=== MATERIAL PROVIDED ===
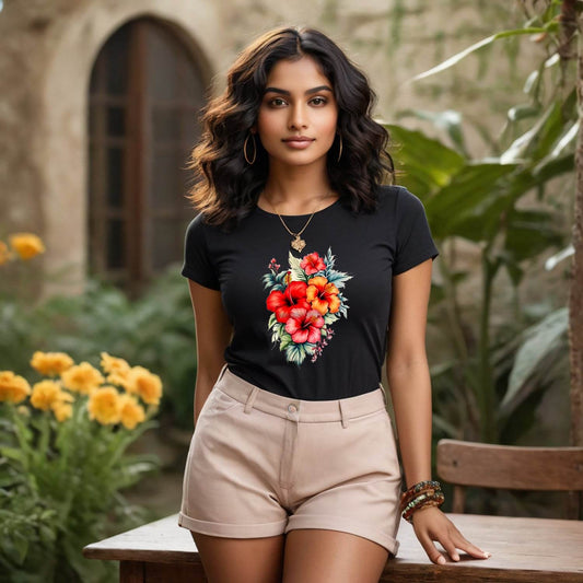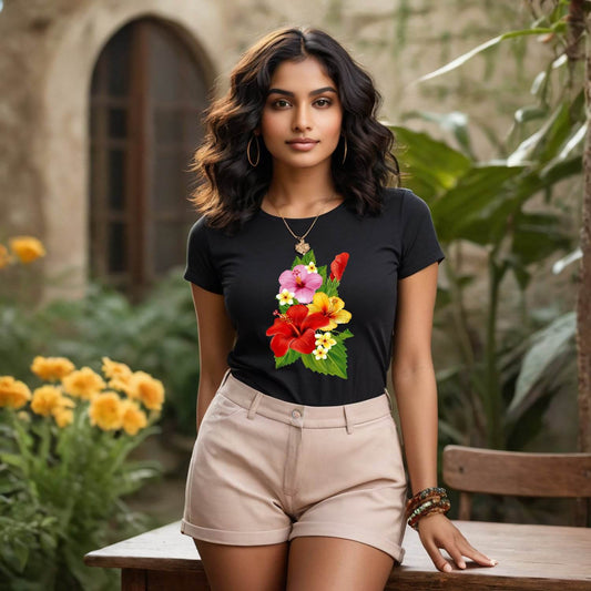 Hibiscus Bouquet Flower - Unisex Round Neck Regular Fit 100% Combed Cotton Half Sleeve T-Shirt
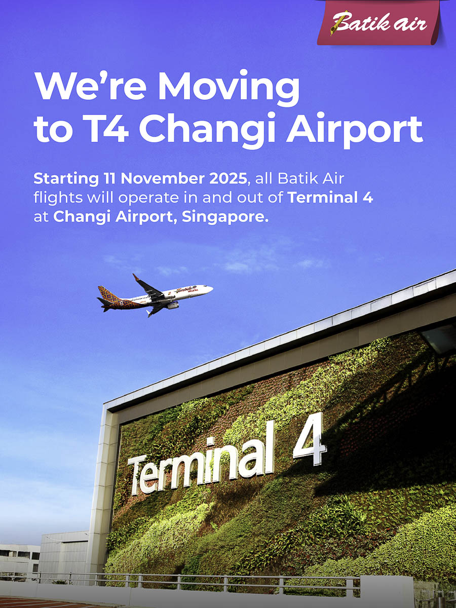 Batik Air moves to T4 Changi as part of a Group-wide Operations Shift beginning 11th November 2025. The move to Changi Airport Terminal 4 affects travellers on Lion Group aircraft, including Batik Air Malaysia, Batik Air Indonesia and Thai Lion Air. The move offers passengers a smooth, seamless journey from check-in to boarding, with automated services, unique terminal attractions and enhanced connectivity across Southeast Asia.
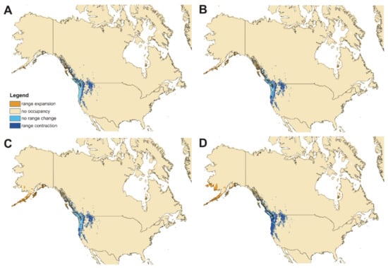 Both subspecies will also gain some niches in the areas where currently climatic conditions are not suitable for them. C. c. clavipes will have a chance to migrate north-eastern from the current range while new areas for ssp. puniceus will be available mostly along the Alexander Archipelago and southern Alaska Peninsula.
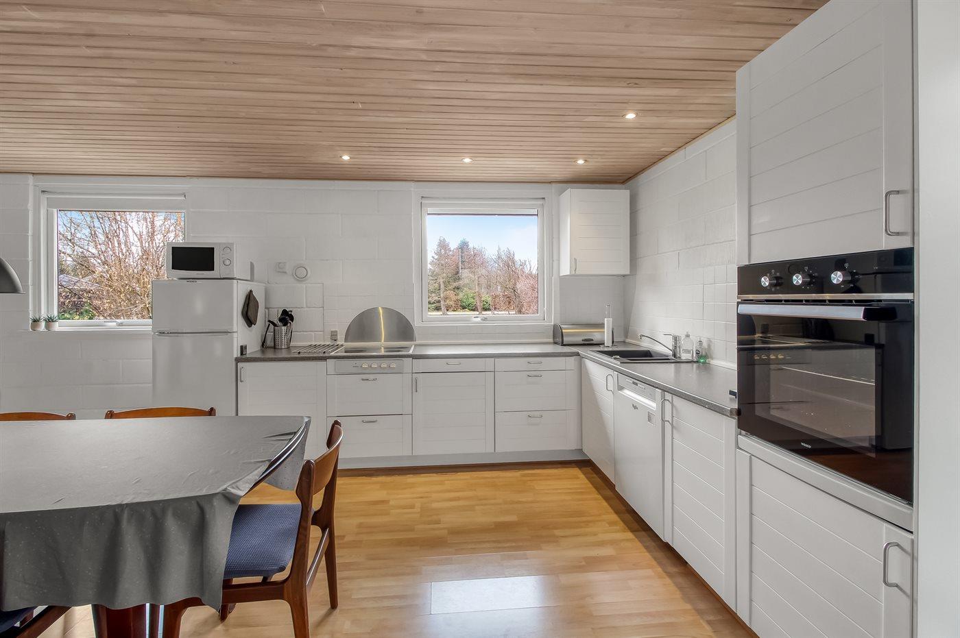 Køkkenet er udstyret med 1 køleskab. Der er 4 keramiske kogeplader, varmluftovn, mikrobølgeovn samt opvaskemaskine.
===
◆ **PROBLEM DESCRIPTION**
In transcribing the listing, keep each word as it is and drop the pictures.

◆ **SOLUTION TO THE EXERCISE**
 Hibiscus Bouquet Flower - Unisex Round Neck Regular Fit 100% Combed Cotton Half Sleeve T-Shirt
 Batik Air moves to T4 Changi as part of a Group-wide Operations Shift beginning 11th November 2025. The move to Changi Airport Terminal 4 affects travellers on Lion Group aircraft, including Batik Air Malaysia, Batik Air Indonesia and Thai Lion Air. The move offers passengers a smooth, seamless journey from check-in to boarding, with automated services, unique terminal attractions and enhanced connectivity across Southeast Asia.
 Both subspecies will also gain some niches in the areas where currently climatic conditions are not suitable for them. C. c. clavipes will have a chance to migrate north-eastern from the current range while new areas for ssp. puniceus will be available mostly along the Alexander Archipelago and southern Alaska Peninsula.
 Køkkenet er udstyret med 1 køleskab. Der er 4 keramiske kogeplader, varmluftovn, mikrobølgeovn samt opvaskemaskine.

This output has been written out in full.